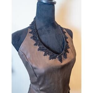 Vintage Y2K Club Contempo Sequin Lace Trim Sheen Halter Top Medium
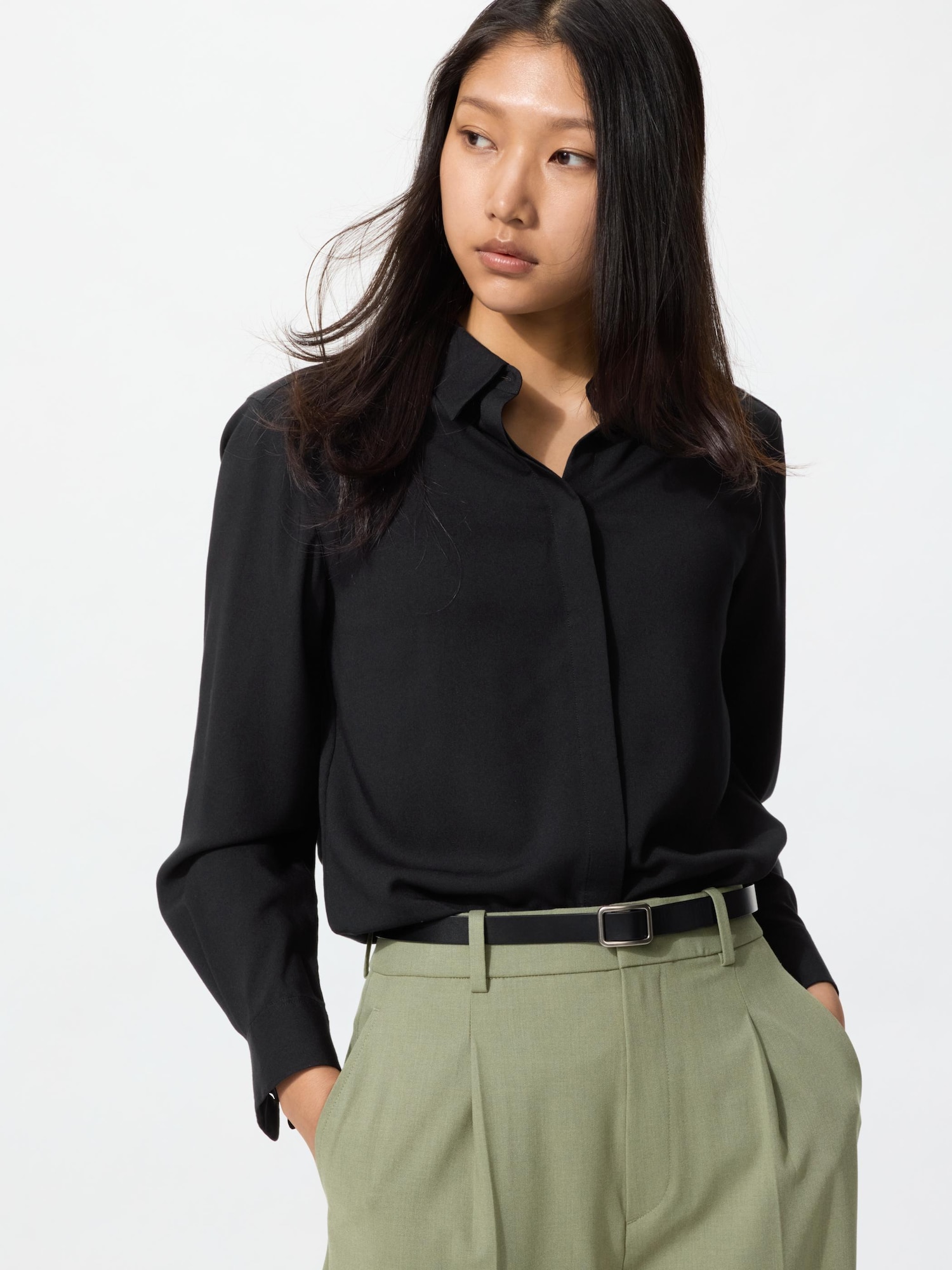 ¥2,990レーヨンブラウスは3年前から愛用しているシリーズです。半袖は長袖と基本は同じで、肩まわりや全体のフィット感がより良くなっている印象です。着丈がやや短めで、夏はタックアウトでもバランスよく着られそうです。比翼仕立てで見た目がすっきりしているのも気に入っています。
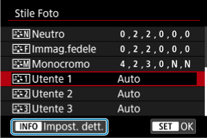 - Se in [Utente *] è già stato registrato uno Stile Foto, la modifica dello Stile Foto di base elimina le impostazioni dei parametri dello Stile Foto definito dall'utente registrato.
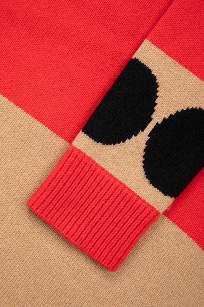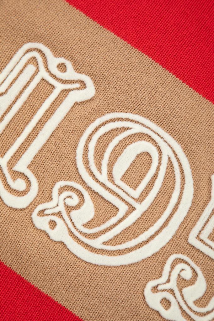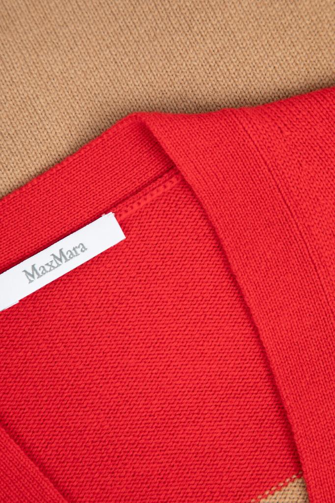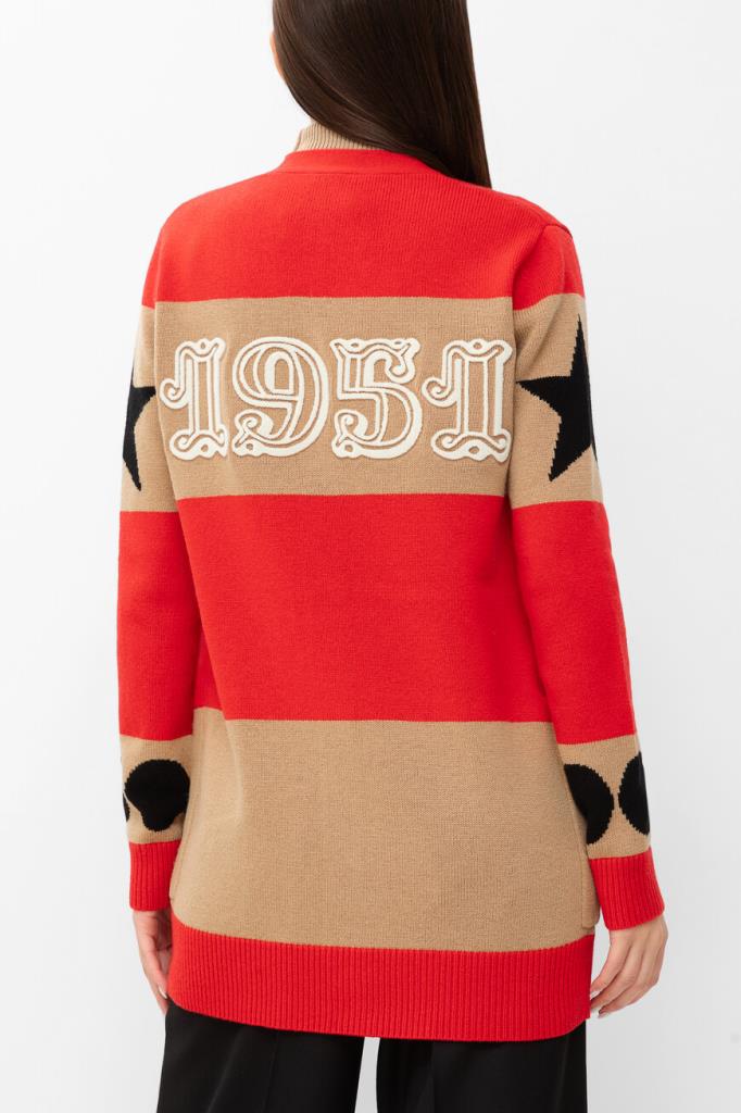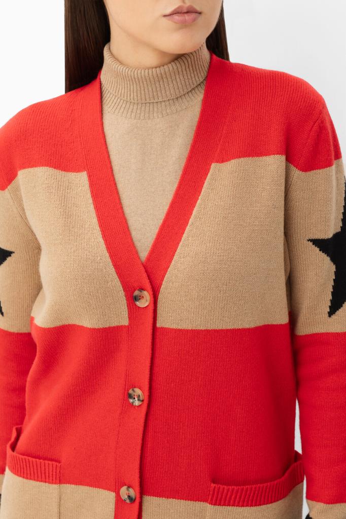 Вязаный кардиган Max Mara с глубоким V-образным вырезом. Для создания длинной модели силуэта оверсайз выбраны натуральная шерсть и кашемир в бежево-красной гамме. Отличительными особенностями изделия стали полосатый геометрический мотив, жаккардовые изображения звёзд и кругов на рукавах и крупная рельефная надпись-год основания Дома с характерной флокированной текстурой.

* **REQUIRED ACTION**
Print the data above in full and exactly as it appears, skipping the pictures.

* **REPLY TO THE EXERCISE**
 Vintage Y2K Club Contempo Sequin Lace Trim Sheen Halter Top Medium
 ¥2,990レーヨンブラウスは3年前から愛用しているシリーズです。半袖は長袖と基本は同じで、肩まわりや全体のフィット感がより良くなっている印象です。着丈がやや短めで、夏はタックアウトでもバランスよく着られそうです。比翼仕立てで見た目がすっきりしているのも気に入っています。
 - Se in [Utente *] è già stato registrato uno Stile Foto, la modifica dello Stile Foto di base elimina le impostazioni dei parametri dello Stile Foto definito dall'utente registrato.
 Вязаный кардиган Max Mara с глубоким V-образным вырезом. Для создания длинной модели силуэта оверсайз выбраны натуральная шерсть и кашемир в бежево-красной гамме. Отличительными особенностями изделия стали полосатый геометрический мотив, жаккардовые изображения звёзд и кругов на рукавах и крупная рельефная надпись-год основания Дома с характерной флокированной текстурой.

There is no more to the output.